According to a variant, the germicidal beam can be emitted from top to bottom and the latter can be returned at an angle. In other words, the device of the invention can be configured and/or positioned so that the UV-C emission takes place perpendicularly (from the top to the bottom of the room) to the ceiling and is reflected by an optical system of angle returns configured to return the germicidal beam at an angle, for example such that the beam is substantially parallel to the ceiling. This optical system can however be adjustable which makes it possible, if necessary, to direct the germicidal beam according to the geometry of the zone to be treated, such as for example the inclination of the ceiling. In addition to this angle adjustment in relation to the ceiling, the system can also be configured to also allow adjustment of the action zone of the germicidal beam as close as possible to needs in order to direct the germicidal intensity according to possible obstacles or needs. By default, the device can be set to a 360° germicidal beam emission and can be adjustable to treat up to 4 separate 90° zones. An accessory system can be added to meet higher needs in terms of numbers of different areas to be treated. By way of example, an accessory makes it possible to treat a part in 8 different zones, each of the zones covering 45° of the part.

According to one embodiment, the device may comprise:

• A light source emitting at least part of its light power in the 200nm to 300nm frequency band

• Source control electronics if necessary, this source being able to be controlled so as to vary the optical power of the device in the 200nm to 300nm frequency band, in the other optical bands or in a combination of the bands.

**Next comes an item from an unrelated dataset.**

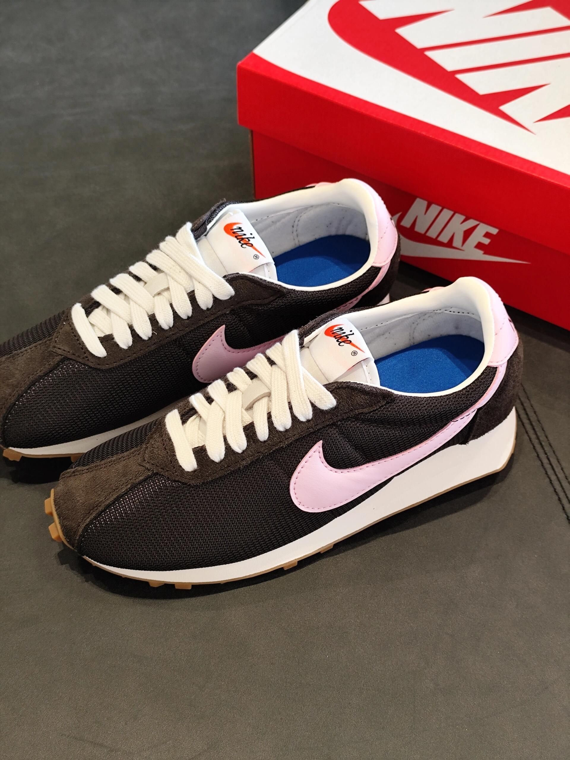 ✅ 核心亮点 1. 复古配色:黑棕基底碰撞粉色Swoosh,营造独特复古视觉 2. 轻盈透气:网面材质打造轻便鞋身,保持全天候足部干爽 3. 多场景适配:经典跑鞋轮廓,轻松融入通勤与休闲穿搭 🔥 穿着体验 ・ 日常行走轻盈无负担,透气性表现优异 ・ 撞色设计在简约穿搭中成为点睛之笔 ・ 鞋型经典,搭配牛仔裤或休闲裤皆宜
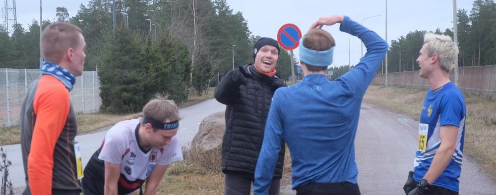 Osakilpailussa nähtiin toinenkin sopuisa maaliintulo, kun M17- ja M50-sarjan juoksija tulivat maaliin toverillisesti kylki kyljessä. Mahtoivatkohan olla samaa ruokakuntaa ja olisiko kyseessä yhteinen kunnonkohotusprojekti? Hölkkien leppoisaan maailmaan tällainen tietysti sopii, vaikka on ristiriidassa urheilun syvän eetoksen kanssa: urheilijan on aina yritettävä parhaansa, muussa tapauksessa on kyseessä epäurheilijamainen käytös. Sarjakilpailun suhteen esiin nousee toinenkin ongelma: jos tasapelin tekijät juoksevat samassa sarjassa, on teossa jo tulosmanipulaation makua, kun jaetusta sijasta annetaan samat korkeat sijoituspisteet. Tällaisesta ei lauantaina varmaankaan ollut kyse, mutta Länsi-Uudenmaan Urheilijoiden on syytä selkeyttää sääntönsä tämän suhteen tulevaisuutta ajatellen.

• A reflector to limit the angle of emission and to fold the light beams largely in a preferential direction. This reflector can be either of the metallic type or of the dichroic type with a reflection in the 200nm to 300nm band, and allowing unwanted wavelengths to pass. The dichroic type reflector has the advantage of concentrating the UV-C beam without increasing the intensity of unwanted wavelengths in the preferred direction.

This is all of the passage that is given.